Sunscreen agent - to increase the stability of light-sensitive drugs, titanium dioxide

Preservatives - to prevent capsules from molding during storage, hydroxyphenyl esters

Flavoring agents - adjust the taste of capsules, essence, sucrose

Thickener - reduce the fluidity after dipping the film, increase the glue power, agar

Preparation of hollow capsules - 10℃~25℃, relative humidity 35%~45%

Specifications of hollow capsules

Eight specifications - 000, 00, 0, 1, 2, 3, 4, 5. As the number goes from small to large, the volume goes from large to small.

Preparation of filling materials

filling

Sealing and lighting

Fitting method - flat mouth, lock mouth

Preparation of soft capsules

Requirements for capsule materials and contents

Dry gelatin: plasticizer: water - 1: (0.4-0.6): 1

Commonly used plasticizers are glycerin, sorbitol or a mixture of the two

Drugs that should not be made into soft capsule contents

Liquid medicine (moisture content >5%) - causes the cyst wall to dissolve

Liquid drugs (pH<2.5 or ph>2.5) - causing gelatin hydrolysis or denaturation

Aldehydes--causing gelatin denaturation

Liquid drugs containing volatile, small-molecule organic compounds—causing the cyst wall to soften or dissolve

O/W emulsion drug - causing the cyst wall to soften

Matrix adsorption rate - the number of grams of liquid matrix required when 1g of solid drug is made into a suspension filled with soft capsules (adsorption rate = matrix weight/solid weight)

Preparation of soft capsules

dripping method

Put the glue solution and the oily liquid into two storage tanks respectively. The two liquids flow out at different speeds through the double-layer nozzle, so that a certain amount of glue wraps a certain amount of the liquid and then drops into the immiscible liquid paraffin cooling liquid. , due to surface tension, it shrinks into a spherical shape and gradually solidifies into a soft capsule.

Completed by a pill-dropping machine with two layers of drippers

Suppression

A method in which the glue solution is made into a tape of uniform thickness, and then the solution is placed between the two layers of tape, and pressed into a soft capsule with a steel plate film or rotating film.

Mainly using rotation molding method

Enteric capsule coating materials

Cellulose Acetate Phthalate CAP

Hypromellose phthalate HPMCP

Polyacrylic resin No. Ⅱ, No. Ⅲ

quality inspection

Moisture - unless otherwise specified, shall not exceed 9.0%

Loading volume difference

No more than 2 pills may exceed the limit of loading difference, and no 1 pill may exceed the limit by more than 1 times.

Below 0.30g, ±10% 0.30 and above ±7.5%

Disintegration time limit

Hard capsules and soft capsules - Take 6 capsules. The hard capsules should be completely decomposed within 30 minutes, and the soft capsules should be completely decomposed within 1 hour. If 1 tablet cannot be completely disintegrated, 6 tablets should be taken and retested.
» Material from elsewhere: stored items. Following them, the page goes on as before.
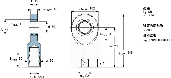 SI70TXE-2LS免维护的杆端关节轴承近似的SKF轴承型号
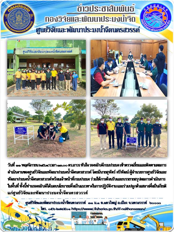วันที่ 11 พฤศจิกายน 2564 เวลา 13.00 น. ณ ศูนย์วิจัยและพัฒนาประมงน้ำจืดนครสวรรค์ ดร.ถาวร ทันใจ รองอธิบดีกรมประมง เข้าตรวจเยี่ยมและติดตามผลการดำเนินงานของศูนย์วิจัยและพัฒนาประมงน้ำจืดนครสวรรค์ โดยมีนายสุพัตร์ ศรีพัฒน์ ผู้อำนวยการศูนย์วิจัยและพัฒนาประมงน้ำจืดนครสวรรค์ นายวิวัฒน์ ปรารมภ์ ประมงจังหวัดนครสวรรค์ นายเดชา รอดระวัง ประมงจังหวัดสุพรรณบุรี และเจ้าหน้าที่กรมประมงให้การต้อนรับและบรรยายสรุปผลการดำเนินการของหน่วยงานในพื้นที่ ทั้งนี้รองอธิบดีได้มอบนโยบายเพื่อเป้นแนวทางในการปฏิบัติงาน โดยมุ่งเน้นให้หน่วยงานกรมประมงในพื้นที่ สร้างการรับรู้ความเข้าใจข่าวสารของกรมประมงที่ถูกต้องไปยังเกษตรกรกลุ่มเป้าหมายให้รวดเร็ว ทั้งนี้ได้ร่วมปลูกต้นเสลา เพื่อเป็นเกียรติแก่ศูนย์วิจัยและพัฒนาประมงน้ำจืดนครสวรรค์
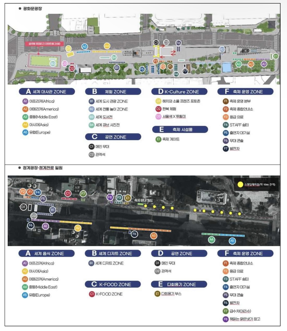 한국 전통취타대,친선우호도시의 공연단,시민 등이 참여하는 개막 축하 퍼레이드가 광화문광장~세종대로 일부 구간까지 진행됩니다. 이후에는 광화문광장에서 프랑스 국적 소리꾼 마포 로르(LaureMAFO)의 판소리 축하공연이 있습니다.
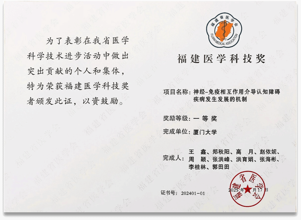 近日,厦门大学神经科学研究所王鑫教授团队项目“神经—免疫相互作用介导认知障碍疾病发生发展的机制”荣获2024年度福建医学科技奖一等奖。该成果系统揭示了外周免疫与中枢神经病理之间的关键联系,为认知障碍疾病的精准干预提供了重要理论依据与潜在靶点。

Enteric-coated capsules - a total of 6 capsules. First check them in hydrochloric acid solution. There should be no cracks or disintegration. They should all disintegrate within 1 hour after checking in artificial intestinal fluid. If 1 capsule cannot be completely decomposed, another 6 capsules should be taken for retesting.

Microbiological limits - Biological product capsules that are required to be tested for miscellaneous bacteria do not need to be tested for microbial limits.

Packaging and storage - Unless otherwise specified, capsules should be stored in a sealed environment with a storage environment temperature not higher than 30°C and a relative humidity of 35% to 65% to prevent moisture, mold, and deterioration.